Followers is a 2000 American drama film written and directed by Jonathan M. Flicker. It was produced by Castle Hill Productions. The plot focuses on three college students who attempt to join a fraternity but soon find the fraternity president to be extremely racist. Flicker said he based Followers on news reports of a racial hazing incident at Rider University in 1993.

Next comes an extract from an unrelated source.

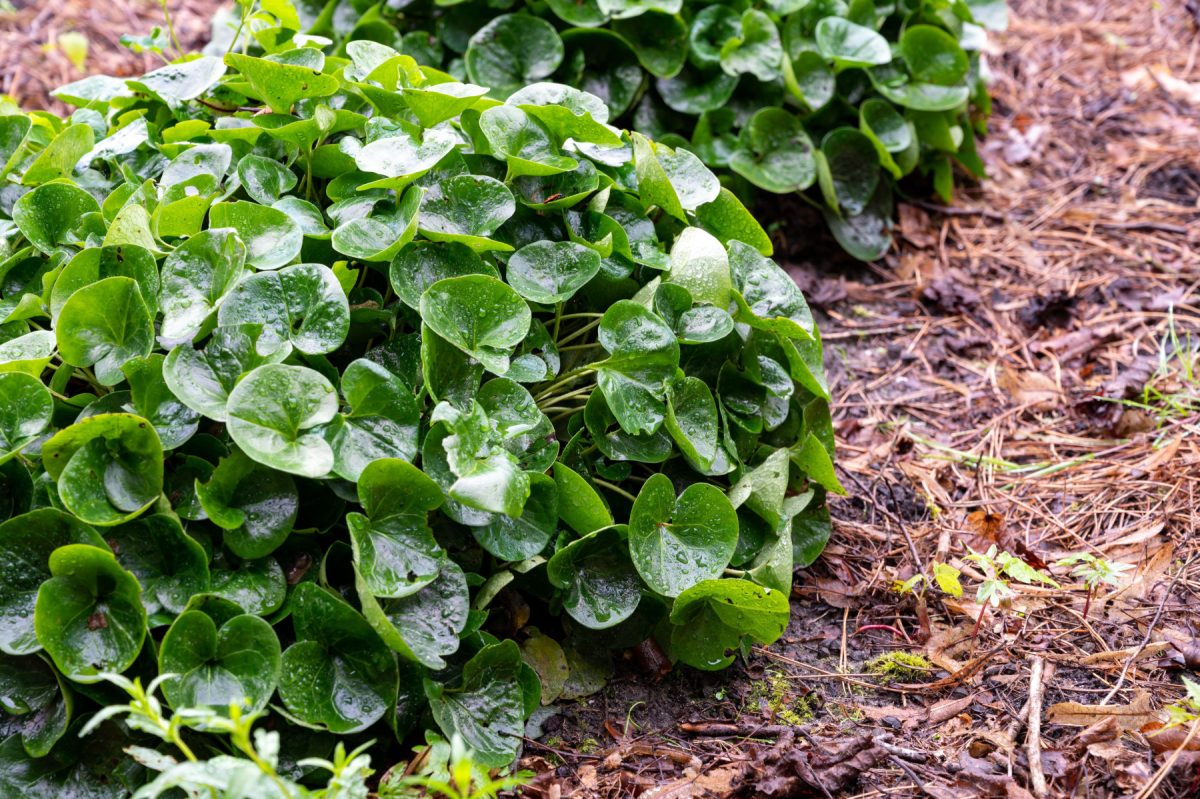 Копытень европейский (Asarum europaeum) вообще зимой и летом одним цветом — как ушёл под снег зелёным и блестящим, таким же и вышел.

Followers was filmed over 24 days in March 1996. The film was given a limited release on October 13, 2000.

==Plot==
John Dietrich is a freshman at Harrington University, having moved there from Nebraska. He becomes close friends with students Steven Trayer and Allen Phillips. The trio, especially John and Allen, aspire to join the most popular and exclusive fraternity on campus, Kappa Psi Lambda. Allen has a leg up into joining the frat because his father was a brother in the same organization. John begins to idolize the charming fraternity president, Jake Tyler, who is also captain of the football team and an academic star. The trio’s tight-knit friendship becomes fractured when John and Allen receive bids from the fraternity, but Steve, who is Black, does not. Jake targets Steve through a series of dangerous and racially motivated hazing incidents aimed at testing the loyalty of John and Allen. John is caught between his loyalty to Steve and his desire to belong in the fraternity.

==Cast==
- Sam Trammell as John Dietrich
- Eddie T. Robinson as Steven Trayer
- Mark Dobies as Jake Tyler
- Jessica Prunell as Cynthia Gordon
- Jerry Laurino as Allen Phillips

==Critical reception==
Lawrence Van Gelder of The New York Times wrote, "Written, directed and edited by Jonathan M. Flicker, Followers is a cautionary tale worth telling to college students with the potential to figure in the annual headlines about fraternity excesses. And its lessons about the cost of remaining passive in the face of evil, of countenancing bigotry and of betraying friends bear reinforcement in any season. But while clearly rooted in pervasive truths, Followers…suffers from clumsy exposition and uneven acting, except in the case of Eddie T. Robinson."